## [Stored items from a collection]
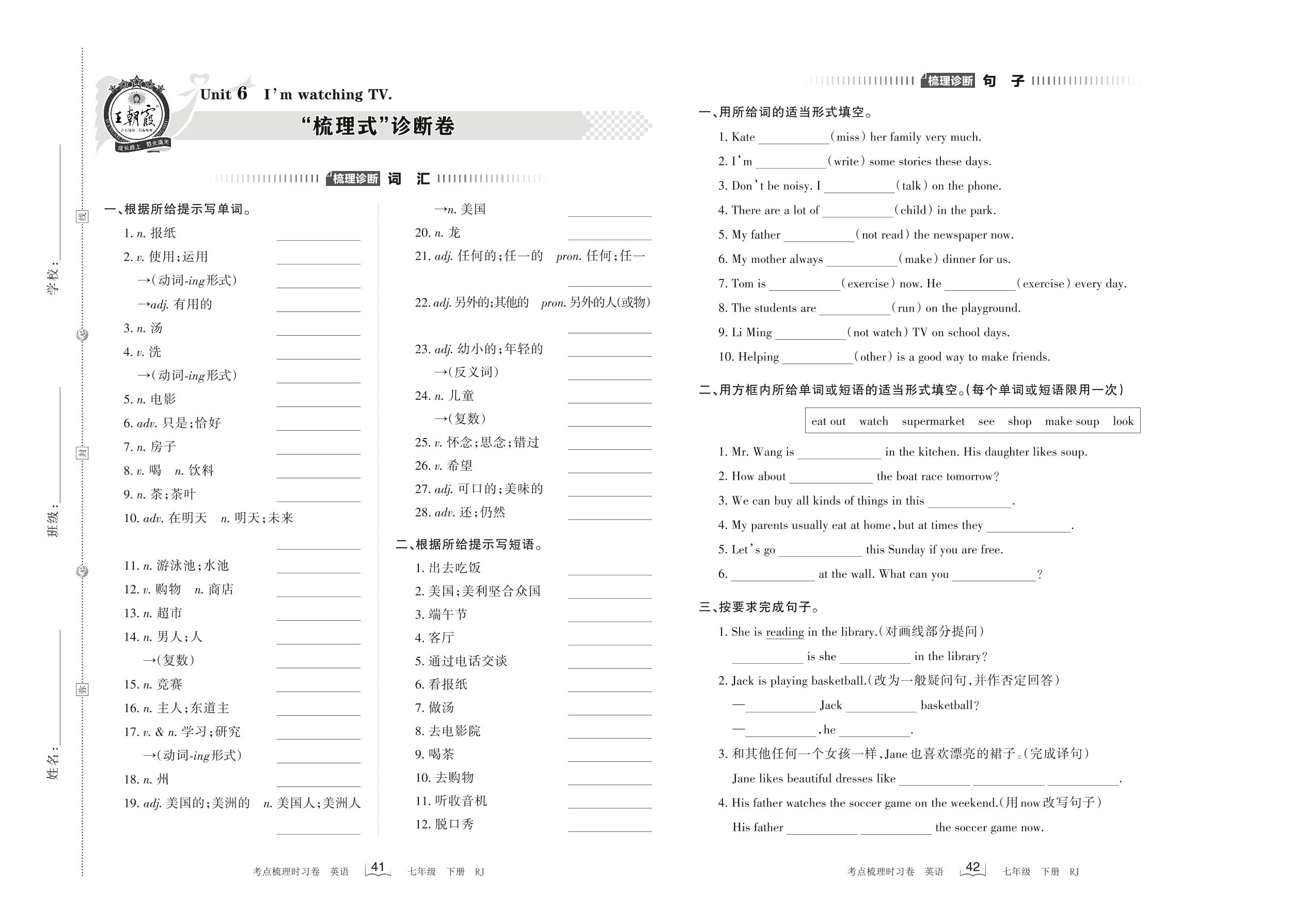 2022下册七年级英语人教版 Unit 6 “梳理式”诊断卷
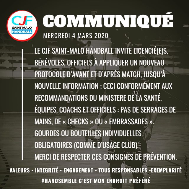 Communiqué officiel à retrouver sur le site de la fédération : https://www.ffhandball.fr/fr/articles/articles-publies/saison-2019-2020-arret-definitif-des-championnats-amateurs-et-annulation-de-la-coupe-de-france
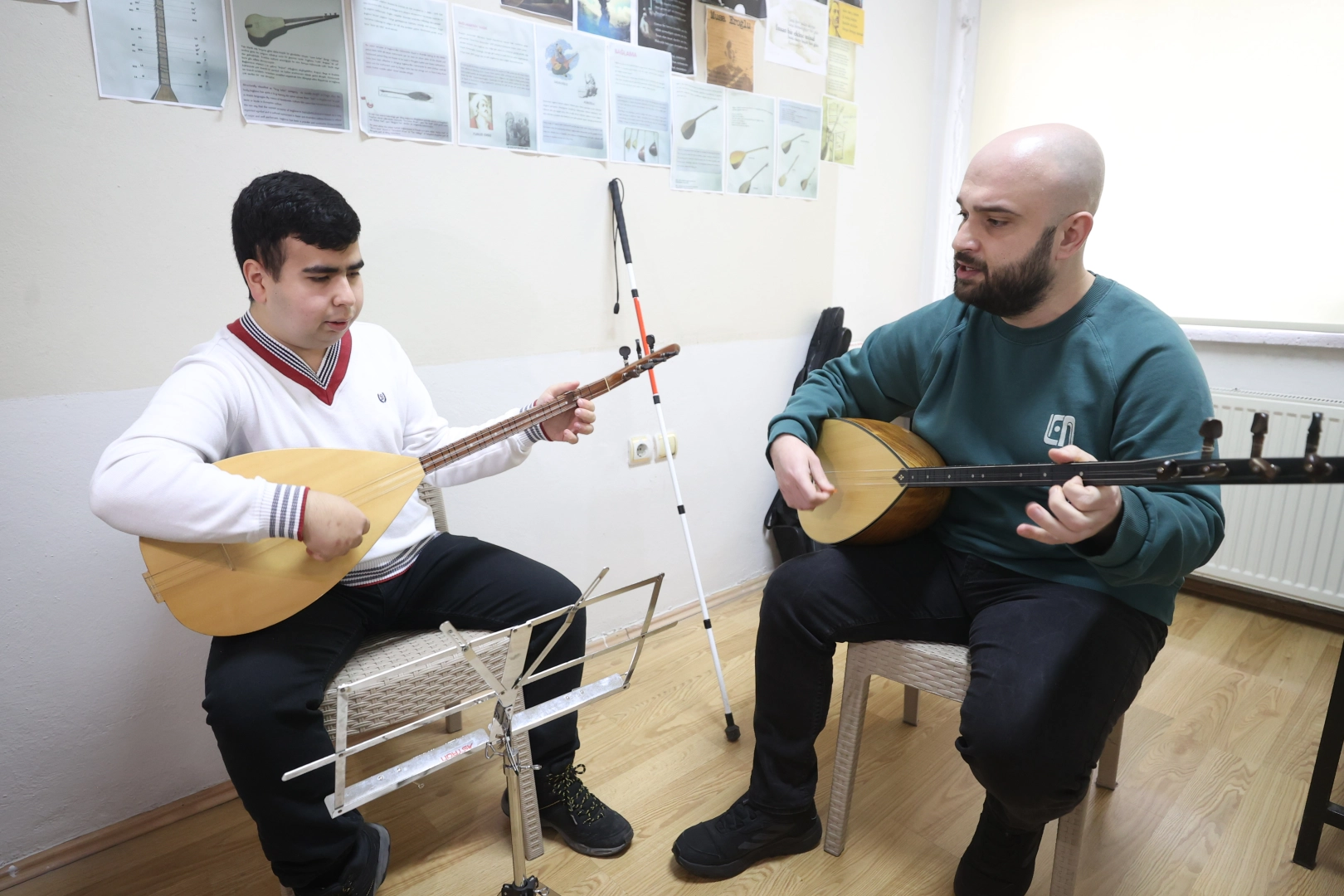 Kısa sürede bağlama çalmayı öğrenen Toprak, bağlama eğitmeni Gökay Dönmez ile çalışmalarını sürdürüyor.
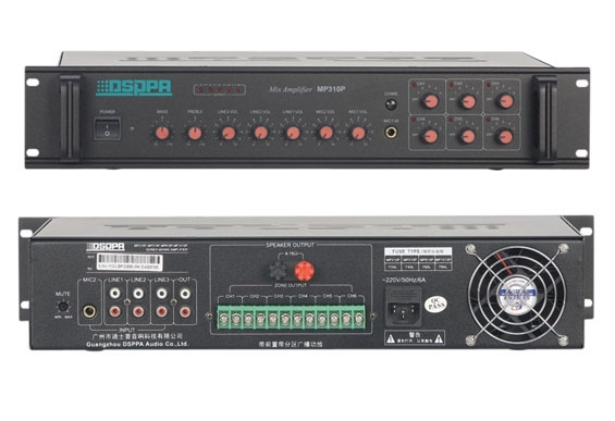 Усилитель, 6 зон c регулировкой уровня выходного сигнала, 120 Вт/100В, 2 микр., 3 Aux входа, 1 Aux вых., питание 220В
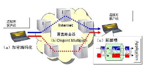 由于是利用多路徑路由發(fā)送分割的數(shù)據(jù),1條路徑被竊聽只會(huì)有部分分割數(shù)據(jù)被竊聽。不過,如果發(fā)送分割數(shù)據(jù)的全部路徑都被竊聽,分割數(shù)據(jù)也可能全部流出。為此,此次的秘密通信系統(tǒng)設(shè)想采用基于覆蓋路由器的網(wǎng)絡(luò)(覆蓋網(wǎng)絡(luò)),將全部數(shù)據(jù)被竊聽的可能性減小到了接近0。這是因?yàn)楦采w路由器的通信路徑能夠進(jìn)行實(shí)時(shí)切換。此次的保密通話系統(tǒng)將在覆蓋網(wǎng)絡(luò)達(dá)到實(shí)用化水平時(shí)投產(chǎn)實(shí)用。計(jì)劃在3~4年內(nèi)實(shí)現(xiàn)。

## [WHAT TO WORK ON]
Without the pictures, return the whole of the data exactly as given.

## [WRITTEN SOLUTION]
 2022下册七年级英语人教版 Unit 6 “梳理式”诊断卷
 Communiqué officiel à retrouver sur le site de la fédération : https://www.ffhandball.fr/fr/articles/articles-publies/saison-2019-2020-arret-definitif-des-championnats-amateurs-et-annulation-de-la-coupe-de-france
 Kısa sürede bağlama çalmayı öğrenen Toprak, bağlama eğitmeni Gökay Dönmez ile çalışmalarını sürdürüyor.
 Усилитель, 6 зон c регулировкой уровня выходного сигнала, 120 Вт/100В, 2 микр., 3 Aux входа, 1 Aux вых., питание 220В
 由于是利用多路徑路由發(fā)送分割的數(shù)據(jù),1條路徑被竊聽只會(huì)有部分分割數(shù)據(jù)被竊聽。不過,如果發(fā)送分割數(shù)據(jù)的全部路徑都被竊聽,分割數(shù)據(jù)也可能全部流出。為此,此次的秘密通信系統(tǒng)設(shè)想采用基于覆蓋路由器的網(wǎng)絡(luò)(覆蓋網(wǎng)絡(luò)),將全部數(shù)據(jù)被竊聽的可能性減小到了接近0。這是因?yàn)楦采w路由器的通信路徑能夠進(jìn)行實(shí)時(shí)切換。此次的保密通話系統(tǒng)將在覆蓋網(wǎng)絡(luò)達(dá)到實(shí)用化水平時(shí)投產(chǎn)實(shí)用。計(jì)劃在3~4年內(nèi)實(shí)現(xiàn)。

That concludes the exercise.